▶ Entries taken from a collection
=== Begin Enclosure ===
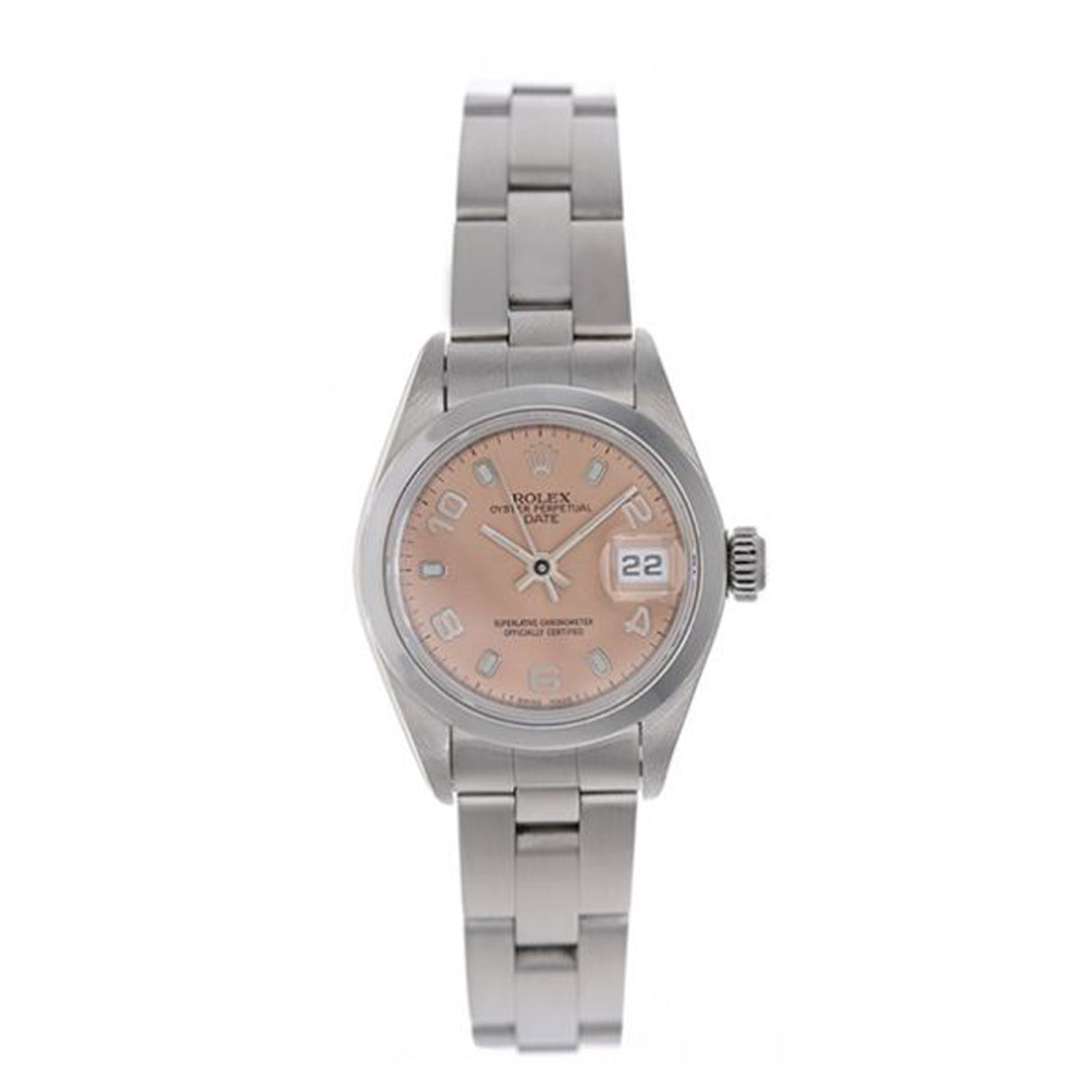 Rolex Ladies Date, Model 69160 - Automatic winding wristwatch with date. Stainless steel case with smooth bezel (26mm diameter) with smooth bezel. Rose dial with Arabic numerals and luminous markers. Stainless steel Oyster bracelet. Pre-owned with custom box.
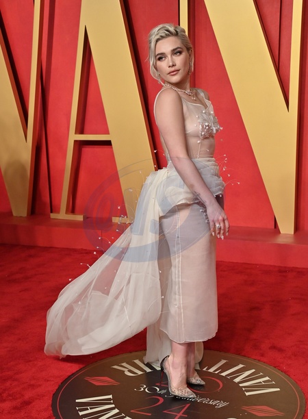Florence Pugh arriving to the Vanity Fair Oscar Party held at the Wallis Annenberg Center for the Performing Arts on March 10, 2024 in Beverly Hills, CA. OConnor-Arroyo / AFF-USA.com
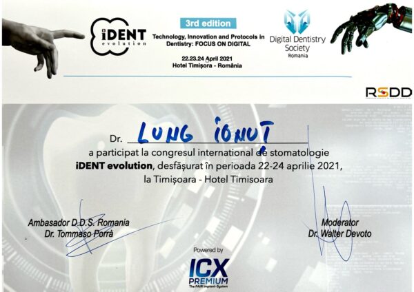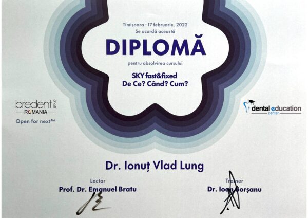 Dr. Lung Ionuț este medic specialist în implantologie dentară, cu expertiză în chirurgia dento-alveolară și o abordare personalizată pentru fiecare pacient. Este membru al Colegiului Medicilor Stomatologi din România și urmează constant cele mai noi tehnici și inovații în domeniu.
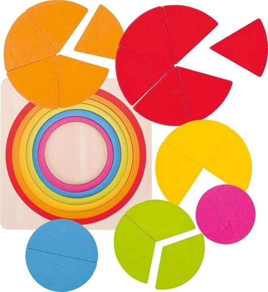 Mit dem Kreisschichtenpuzzle aus Holz werden die Aufteilungsmöglichkeiten des Kreises spielerisch vermittelt.
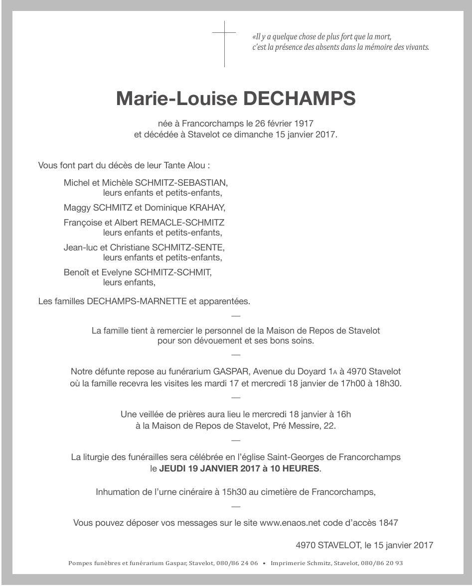 Décédée à Stavelot (4970) le dimanche 15 janvier 2017 à l'âge de 99 ans
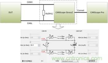 由此可見,該方法雖然可以大致測量出CAN節(jié)點(diǎn)的差分電平位信號特征,但由于其用于做分析的樣本很少,測量方式有很難操作,所以為了提高測量結(jié)果的準(zhǔn)確度,減低人工成本,文章中對測試方法進(jìn)行了改進(jìn),使用CANScope-Pro總線分析儀、CANScope-StressZ擴(kuò)展板,使用配套軟件的樣眼圖與對稱性測試進(jìn)行測量。
=== End Enclosure ===
▶ TASK DETAILS
In your copy, include no pictures, but set down every record exactly.

▶ WRITTEN SOLUTION
 Rolex Ladies Date, Model 69160 - Automatic winding wristwatch with date. Stainless steel case with smooth bezel (26mm diameter) with smooth bezel. Rose dial with Arabic numerals and luminous markers. Stainless steel Oyster bracelet. Pre-owned with custom box.
Florence Pugh arriving to the Vanity Fair Oscar Party held at the Wallis Annenberg Center for the Performing Arts on March 10, 2024 in Beverly Hills, CA. OConnor-Arroyo / AFF-USA.com
 Dr. Lung Ionuț este medic specialist în implantologie dentară, cu expertiză în chirurgia dento-alveolară și o abordare personalizată pentru fiecare pacient. Este membru al Colegiului Medicilor Stomatologi din România și urmează constant cele mai noi tehnici și inovații în domeniu.
 Mit dem Kreisschichtenpuzzle aus Holz werden die Aufteilungsmöglichkeiten des Kreises spielerisch vermittelt.
 Décédée à Stavelot (4970) le dimanche 15 janvier 2017 à l'âge de 99 ans
 由此可見,該方法雖然可以大致測量出CAN節(jié)點(diǎn)的差分電平位信號特征,但由于其用于做分析的樣本很少,測量方式有很難操作,所以為了提高測量結(jié)果的準(zhǔn)確度,減低人工成本,文章中對測試方法進(jìn)行了改進(jìn),使用CANScope-Pro總線分析儀、CANScope-StressZ擴(kuò)展板,使用配套軟件的樣眼圖與對稱性測試進(jìn)行測量。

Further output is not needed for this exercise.